Does BU need football?


As readers of this blog may know, my alma mater, Boston University, killed it's D1-AA football program in 1997. BU had about zero football tradition, and games at Nickerson Field were sparsely attended at best. However, I do have fond memories of fall Saturdays, the mighty Terriers taking the field against arch-rivals like UNH and Maine. Good times.

Brian Roach, in today's Freep, attempts to make the point that a dominant hockey program makes up for the absence of a mediocre football program. He reminds us of BU's multiple National Championships, 2009 being the most recent, bitter rivalry with that other school right out the B branch of the Green Line, and Beanpot triumphs. He doesn't mention, but could have, the semi-household names like Eruzione and Craig, Drury and Tkachuk, and, of course, Jack Parker.

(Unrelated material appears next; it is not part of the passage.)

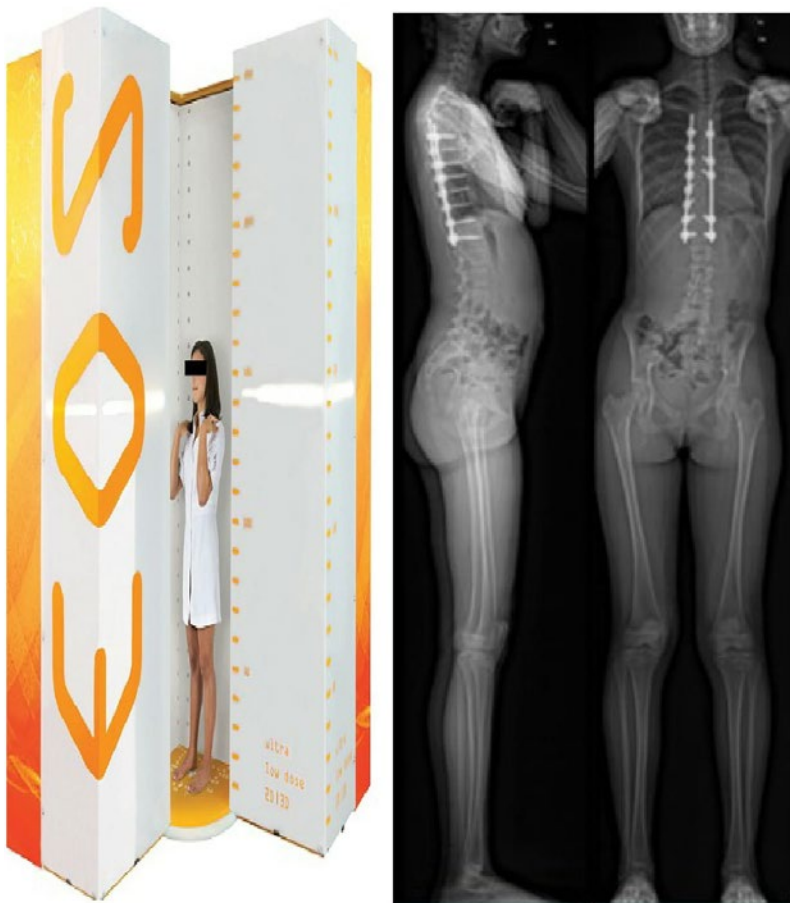
FIGURE 1 / Illustration of the EOS low-dose scanner and the outcome.

tients was estimated by calculating the theoretical amount of full-body absorbed radiation dose in terms of effective dose in mSv. In order to calculate the cumulative radiation dose from CR and EOS, the number of images divided by two (coronal and lateral planes) was multiplied by effective dose references for CR and EOS stereo-radiography for full-spine examinations. The reference doses for full-spine examinations were estimated based on phantom dosimetry [6]. Reference doses: CR anterior-posterior-lateral (APL) projections (0.545 mSv) and EOS standard-dose APL projections (0.220 mSv). All doses were calculated according to the International Commission of Radiologic Protection (ICRP), ICRP-103 approach [7].

Well, I'm not so sure. I have some great Beanpot memories, sure. One of the great sports moments of my life occurred at the Beanpot. I some really good times at Brown Arena (the Rathole On Babcock St). Scott Shaunessy was sorta fun to drink with at Father's Too on Beacon Street. I mean, it was nice being around a superior hockey program, no doubt.

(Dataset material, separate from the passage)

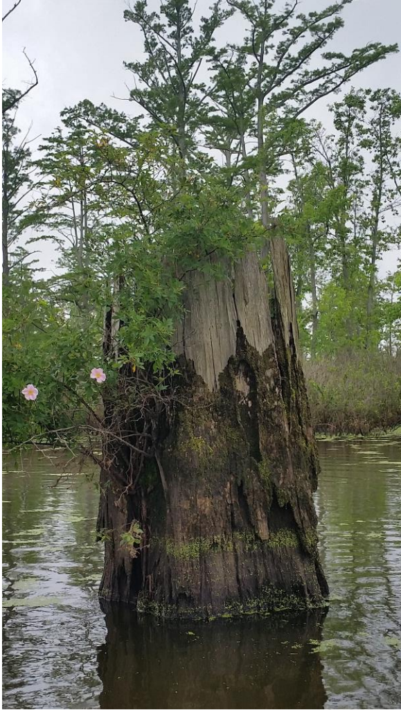
Rosa palustris (swamp rose) on cypress stump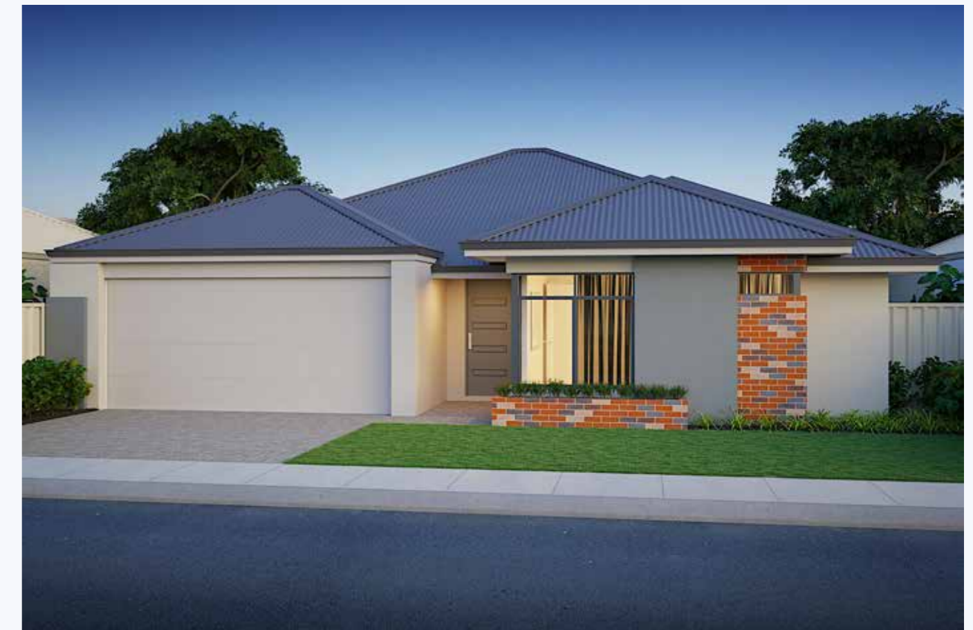
Avalon Beach Premium

But college hockey is a fringe sport. It's not even on the same map as college football or college basketball. It's lumped in with other third-tier sports like baseball, soccer, swimming, etc. All very worthwhile pursuits, don't get me wrong. But they just aren't the same as the biggies.

I have NOTHING in my experience to rival Game Day in Austin, or the atmosphere of Cameron Indoor or the Dean Dome. I've never been in an arena with the hoisted jerseys of Walton and Kareem, or where there are 100,000 people wearing maize and blue.

Now, of course, that's not to say BU could ever achieve that sort of success in the big sports. BU football was a very average 1-AA program. There was no history or tradition. The most spectacular players to ever roll thru Nickerson, guys like Jim Jensen and Bill Brooks, wound up with very solid, but unspectacular, NFL careers. A guy like Paul Lewis, who set every rushing record the school has, couldn't catch on with the Patriots as a free agent when the Patriots were terrible.

Hockey is all well and good. And it is nice to be able to say "I went to BU, home of the hockey National Champions of 2009". And it's probably better to have a dominant hockey team than it is to have a spare football team.

That was a long rant for not much payoff. I guess the moral of the story is its better to be really good at something sorta spare than it is to be really spare at something sorta good.

It probably also pays to not do too many stream-of-thought blog posts late at night!